Non-linear latency of sparse-dense matrix multiplication

Hello,

I’m measuring the latency of mul!(C, A, B), where C and B are dense and A is sparse, and I’m seeing something surprising: the latency isn’t linear in the number of operations required. Does anyone know why this is?

The number of columns of A is m=1000, the number of columns of B is k=3, and I’m varying the number of rows of A, denoted by n. I’m on an Intel system and I’m including MKLSparse (but I see the same behaviour regardless of if I use MKLSparse).

My experiment looks like the following code, except that it’s in a function, I’m running it many times, and I discard the first sample (since it includes compilation time)

A = sprand(n, m, 0.05)
B = randn(m, k)
C = zeros(n, k)
latency_mul = @elapsed mul!(C, A, B)
latency_mymul! = @elapsed mymul!(C, A, B) # mymul! defined below

Here’s the definition of mymul!:

function mymul!(C::Matrix, A::SparseMatrixCSC, B::Matrix)
    @boundscheck size(C, 1) == size(A, 1) || throw(DimensionMismatch("C has dimensions $(size(C)), but A has dimensions $(size(A))"))    
    @boundscheck size(C, 2) == size(B, 2) || throw(DimensionMismatch("C has dimensions $(size(C)), but B has dimensions $(size(B))"))        
    @boundscheck size(A, 2) == size(B, 1) || throw(DimensionMismatch("A has dimensions $(size(A)), but B has dimensions $(size(B))"))
    m, n = size(A)
    k = size(B, 2)
    rows = rowvals(A)
    vals = nonzeros(A)
    C .= 0
    for col = 1:n # column of A
        for i in nzrange(A, col)
            @inbounds row = rows[i] # row of A
            @inbounds val = vals[i] # A[row, col]
            @simd for j = 1:k # columns indices of B
                @inbounds C[row, j] += val * B[col, j]
            end
        end
    end
    C
end

This is the latency I’m seeing. I’d have expected that latency would increase linearly with the number of rows, which is what I’m seeing for mymul! (ish, for large enough matrices). However, for mul! I see something else. The dashed lines are quadratic functions fit to the data. The latency looks linear in the number of rows when running the same experiment for dense matrices so it’s got something to do with the sparse matrix multiplication.

sparse_mul

1 Like

What a coincidence!
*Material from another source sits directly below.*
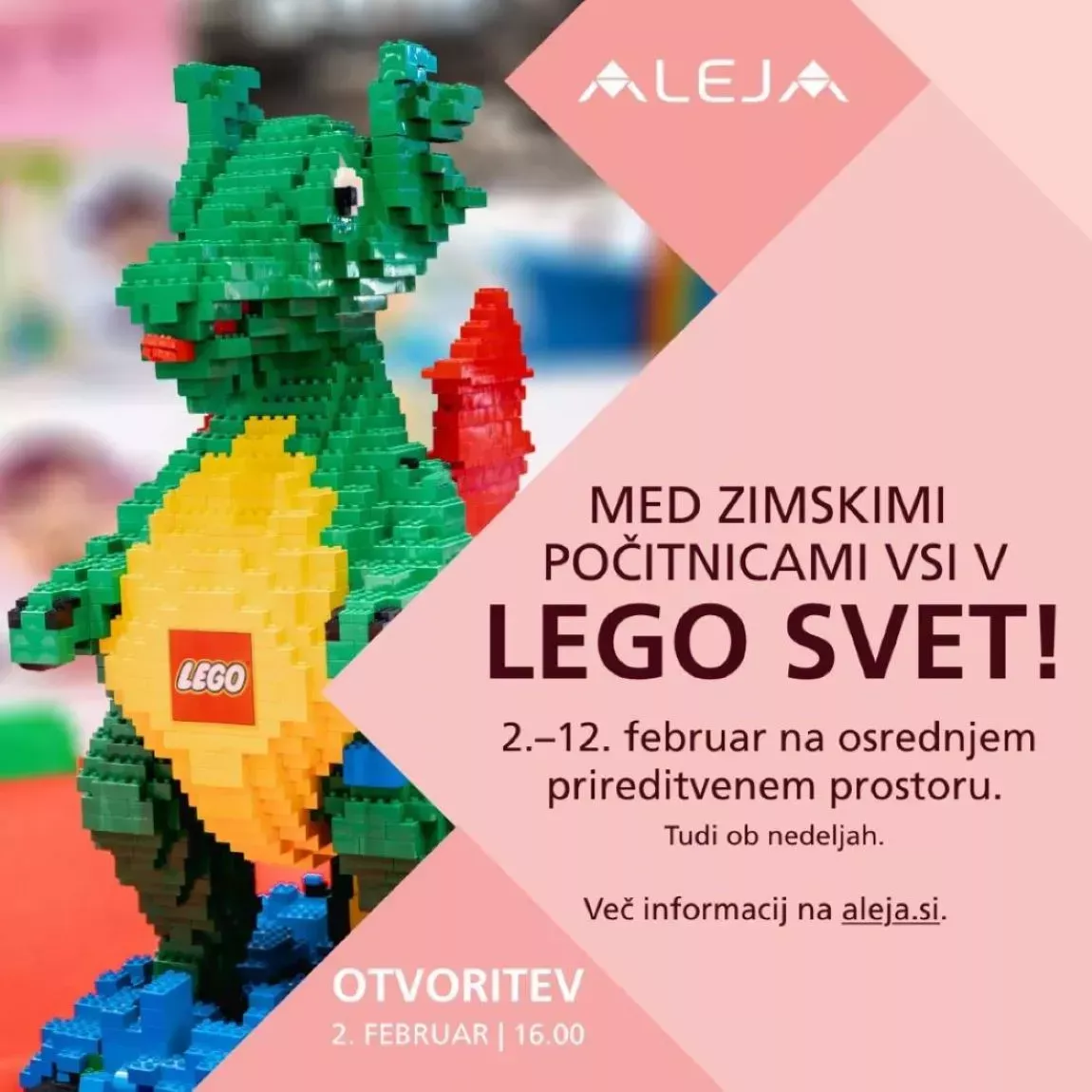 Med zimskimi počitnicami so v našem najboljšem novem nakupovalnem središču ALEJA za otroke pripravili številne zanimive dejavnosti. Na osrednjem prireditvenem prostoru je odprta prav posebna LEGO igralnica. V njej se lahko otroci brezplačno igrajo in ustvarjajo z LEGO kockami do neskončnosti vsak dan od 10. do 20. ure, ob nedeljah od 11. do 18. ure. Igralnica bo odprta vse do nedelje, 12. februarja. Otroci se lahko v njej zabavajo tudi na Prešernov dan, v sredo, 8. februarja.

I just need an ad hoc implementation of subspace iteration, where one of the major costs is the multiplication of a beefy sparse matrix with a huge dense matrix of vectors as columns.
I guess my system is not as fast as yours, since in my case the execution time (which I think you call “latency”) is on the order of seconds. (Of course, it also depends on how sparse the matrix is. I know.)

I haven’t actually tried what you describe as an in-house solution. I rather tried using threads to calculate the individual columns. I did not get any speed up, unfortunately.

Isn’t the access to C row-major in your code?

Threading should ideally be handled by the matrix multiplication routines without you having to think about it. If you’re on an Intel system I’d recommend trying out MKLSparse. There’s some text suggesting it can speed up sparse matrix operations significantly when using multiple threads, see https://github.com/JuliaSparse/MKLSparse.jl/issues/24#issuecomment-658086827

The access to C is based on what I believe is the fastest way to iterate over the non-zero entries of A. I may be wrong though. On the other hand, I don’t really care about the mymul!. I’ve only implemented it as a reference.

I understand. Still, one wonders if it could be done faster.

I’m more interested in the non-linearity. There’s something I’m not understanding about how mul! is computed.

Is the sparsity changing as you increase the size?

No.
Everything is kept constant except the number of rows.

Does that mean the “sparsity”, or the average number of nonzeros per column?

Does it make a difference? :slight_smile:

I generate A like this:

A = sprand(n, 1000, 0.05)

I suppose not that much. However the clustering of the non-zeros might.